Немедленно же по усмирении восстания арабов Абу Бакр, продолжая политику Мухаммада, повёл их на войну против владений византийских и иранских.

Умар (634—644) успешно продолжал завоевания, и таким образом под конец своей жизни он, кроме самой Аравии, повелевал в Азии Сирией, Месопотамией, Вавилонией и западной половиной Ирана, а в Африке — Египтом, Баркой и Триполи.

При Усмане (644—656) завоёван вост. Иран до Амударьи (Оксуса), остров Кипр, область Карфагена. Междоусобия среди арабов, вызванные убийством Усмана и политической неспособностью Али, произвели было перерыв в завоеваниях, и некоторые пограничные области отпали.


661 год — Арабский халифат

Но при первом Омейяде Муавии I (661—680) арабы перешли за Амударью (Оксус) в Мавераннахр, до Пайкенда, Бухары и Самарканда, и в Индии дошли до Пенджаба; ими была захвачена Малая Азия, они близко подступали даже к Константинополю, в Африке дошли до Алжира.

Вспыхнувший при сыне Муавии Язиде (680—683) второй ряд междоусобных войн и борьба Омейядов с сыном Али Хасаном, святыми городами и сподвижником Абдулла ибн-Зубейром, хариджитами и др. позволили некоторым пограничным областям вновь отпасть, но по усмирении междоусобий (с 693 г.) при халифе Абд аль-Малике (685—705) и его сыне Валиде (705—715) арабы одерживают почти невероятные успехи в Афганистане, сев. Индии и Мавераннахре (751) — на востоке, Армении, Кавказе и Малой Азии — в центре, зап. Африке (до океана), Испании и южн. Франции — на западе. Только энергия императора Льва Исавра и болгарского хана Тервела, храбро отразивших арабов от Константинополя и Малой Азии (717—718), и Карла Мартелла, положившего предел успехам арабов во Франции (732), спасли Европу от мусульманского завоевания.

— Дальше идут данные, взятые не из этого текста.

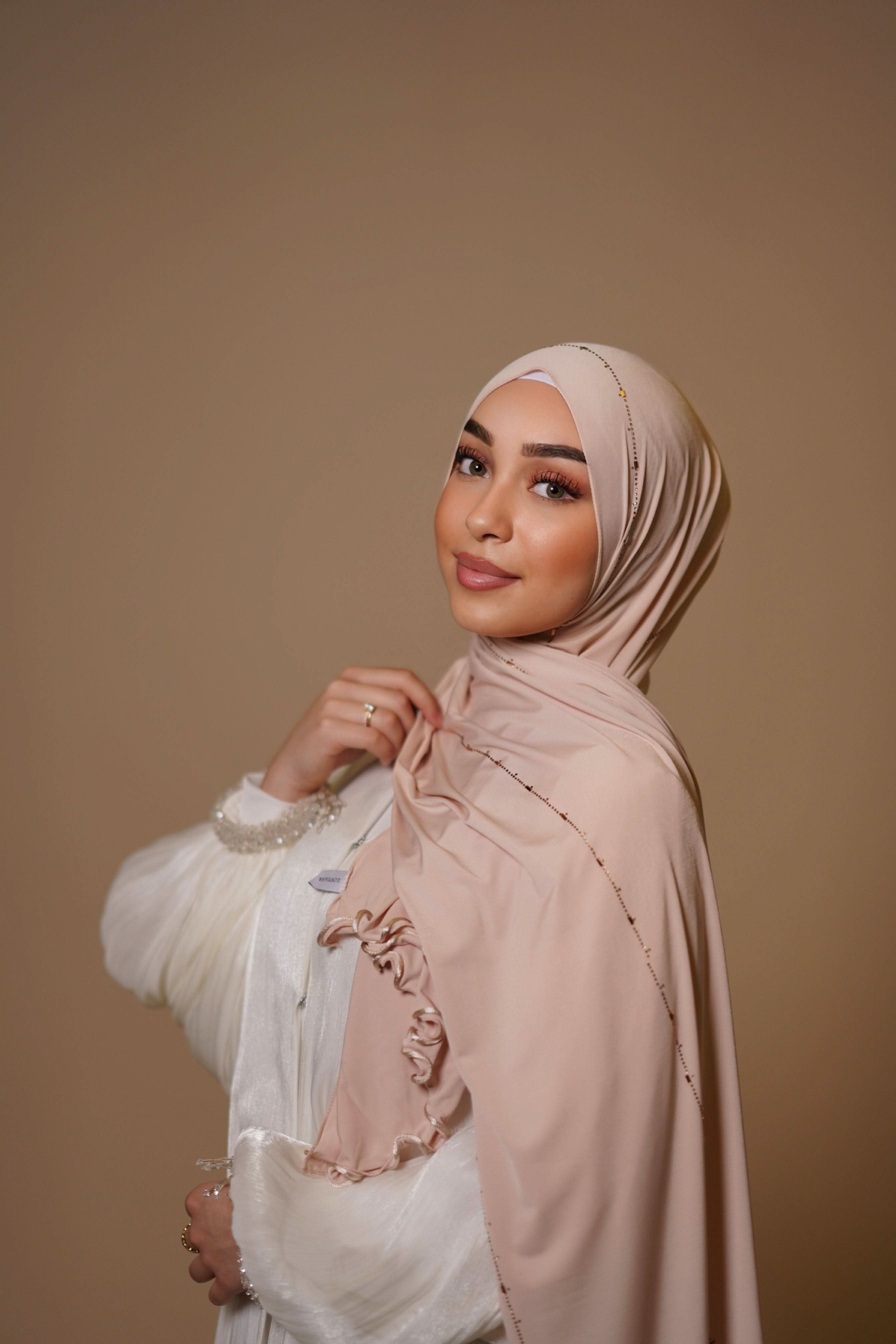 Unique et spécial - Fabriqué à Dubaï, nous présentons fièrement notre collection radieuse de hijabs, confectionnés à partir du meilleur tissu jersey haut de gamme et agrémentés de détails en strass étincelants. Ces foulards se caractérisent par une qualité inégalée et sont garantis d'être un véritable accroche-regard ! Le tissu jersey haut de gamme se caractérise par sa texture exceptionnelle, il est antidérapant et opaque. Porter les foulards sans os est également une option. Grâce à son drapé parfait, vous n'avez besoin que de peu de temps pour votre style hijab quotidien. Nos hijabs Premium Jersey Line uniques et particulièrement haut de gamme avec des ornements en strass sont un incontournable pour toute garde-robe qui exige élégance et glamour.

Положение, которое заняли арабы в покорённых ими землях, очень напоминало военный лагерь; проникнутый религиозным рвением к исламу Умар I сознательно стремился укрепить за X. характер воинствующей церкви и, имея в виду религиозный индифферентизм общей массы арабов-завоевателей, запретил им владеть в покорённых странах земельным имуществом; Усман это запрещение отменил, многие арабы сделались в завоёванных странах помещиками, а вполне понятно, что интересы помещика более влекут его к мирной деятельности, чем к войне; но в общем, даже при Омейядах посёлки арабов среди инородцев не успели потерять характер военного гарнизона (v. Vloten, «Recherches sur la domination arabe», Амстерд., 1894). Тем не менее, религиозный характер арабского государства быстро изменялся: мы видим, как одновременно с распространением пределов X. и утверждением Омейядов совершается его быстрый переход из церковно-религиозной общины, руководимой духовным главой правоверных, подавителем неверных, заместителем апостола Божия, в светско-политическую державу, управляемую государем единоплеменных ему господ-арабов и покорённых, не уравненных с ними инородцев. У Мухаммада политическая власть была лишь придатком к его религиозному главенству; так же у Абу Бакра и у первого «повелителя правоверных», истинного организатора ислама — Умара — владычество над арабами и неверными ещё вытекало как теоретически, так и практически только из того обстоятельства, что они были первосвященниками, которые, став на место апостола Божия, вели верных на так назыв. священную войну; однако, уже со времён Усмана начинается поворот, как вследствие вышеуказанного разрешения арабам иметь недвижимую собственность в завоёванных областях, так и вследствие отдачи Усманом правительственных должностей своим родственникам-Омейядам, с их чисто светскими интересами; когда же Омейяды, составляющие реакцию против ислама, взошли, наконец, на престол, то оказались прямо уж светскими государями. Для оправдания своих прав они также соблюдают положенные религиозные обязанности первосвященников и наместников пророка, предстоят на молитве (хитрый Муавия читает набожные проповеди), и принципиально X. продолжает считаться общиной религиозной, теократической, но это у Омейядов одна уж теория, и халиф есть просто политический владыка, сплошь да рядом с интересами противоисламскими, староязыческими.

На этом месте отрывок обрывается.